Self-satisfied, self-promoting, over-acting, and with too
complicated recipes, television chefs put me off watching their cookery
programmes.
I'm sure
(hope) that away from the kitchen, where cooks belong, these show-off
performers are all delightful and modest people when at home and not in front
of the cameras, and that the food and skills they display to their TV audience
are of great use and entertainment.
Recently,
when scouring the various TV networks with my remote control in search of an
interesting programme, I landed on a cooking one where sausages and offal in
skins were boiled slowly in fine stock to make, firstly soup, and then a feast
of the objects that had been boiled in it (just my kind of cooking).
This seemed
to me a good enough idea, and why not boil offally things that have made
certain nations famous?
I took the
specialities of three countries for my test dish – Scotland ,
Spain and Ireland .
The
stock/soup was made of pressure-cooked bones, spices and chopped-up pigs’
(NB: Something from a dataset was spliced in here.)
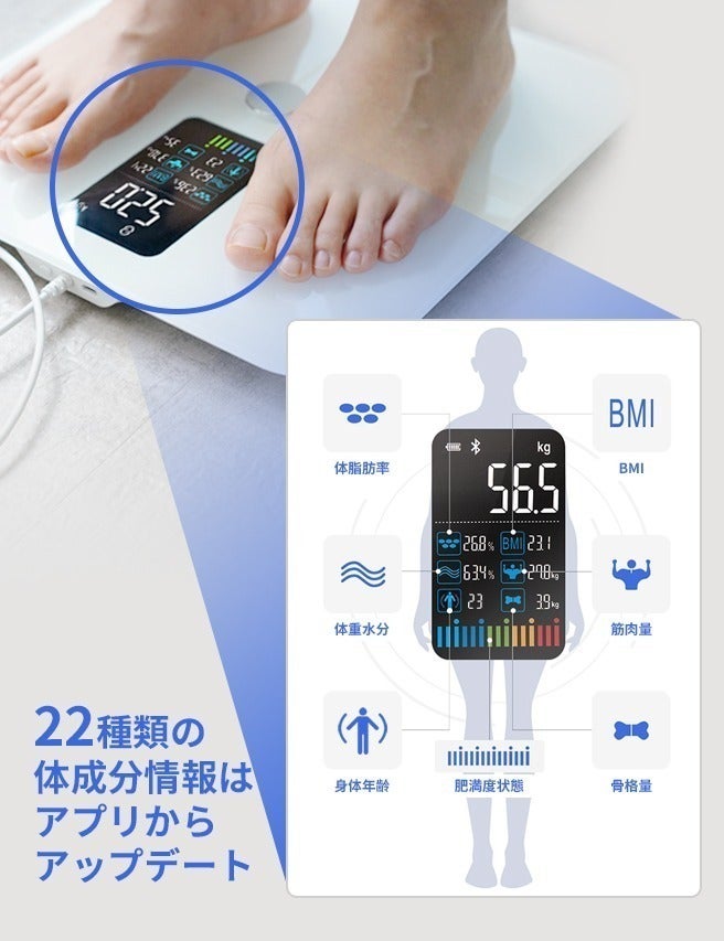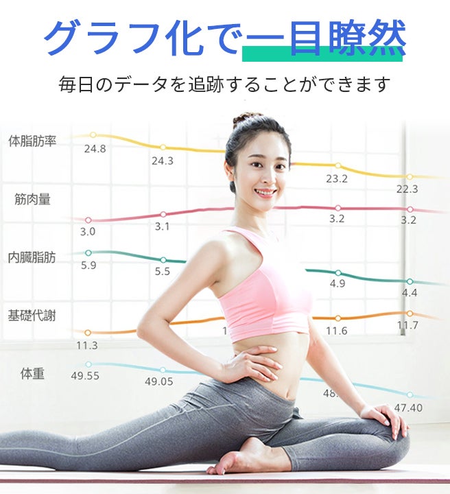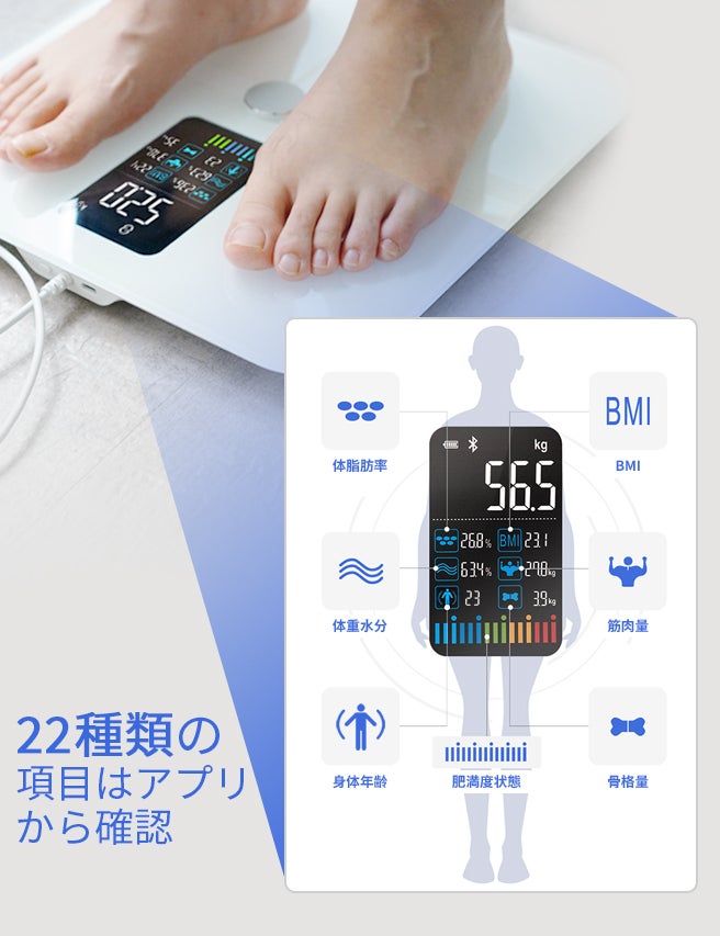 今までの体重計は、体重だけを表示し、そのほかの体の状態はよく把握できない製品が多々ありました。
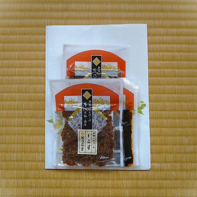 1袋432円(葉唐辛子、葉唐昆布、しじみ、黄金でんぶ、生炊きあみ、切いか、細切昆布)

trotters. This was strained into a bowl, and overnight became a thick jelly
with a top layer of fat, which was discarded.
Adding
water and my international goodies, I intended to start heating up the dish
when guests arrived for 6 o’clock drinks – but forgot to do it.
When our
friends had departed (drinks in our district mean come at 6 pm and leave by
7.30 pm - 8 pm), I started the dish that I should have put heat under earlier.
Because we
were hungry, I failed to give it enough time at a slow boil. The result was not
as hot as it might have been.
At two in
the morning I rose when my body decided to rid itself of what seemed to be most
of my insides. Had I poisoned myself, and with myself, Margreet?
Still
feeling rather unwell, I kept a worried eye on Margreet – who, to my relief,
continued to sleep soundly and breathe steadily.
Thinking
that my digestive tracts were, by then, completely empty, I was surprised when
the evacuation continued - from top and bottom.
I then
realised that it was not my cooking that was causing the internal turmoil, but
the widespread norovirus, for which I
understood there was no cure other than paracetamol and patience (period of
tumult, day of bed, next day up and around).
Even though
innocent of cooking with noxious poisons in this case, I have been quite put
off from trying the dish again.
I will now
be even more determined than ever not to watch cooking programmes on
television.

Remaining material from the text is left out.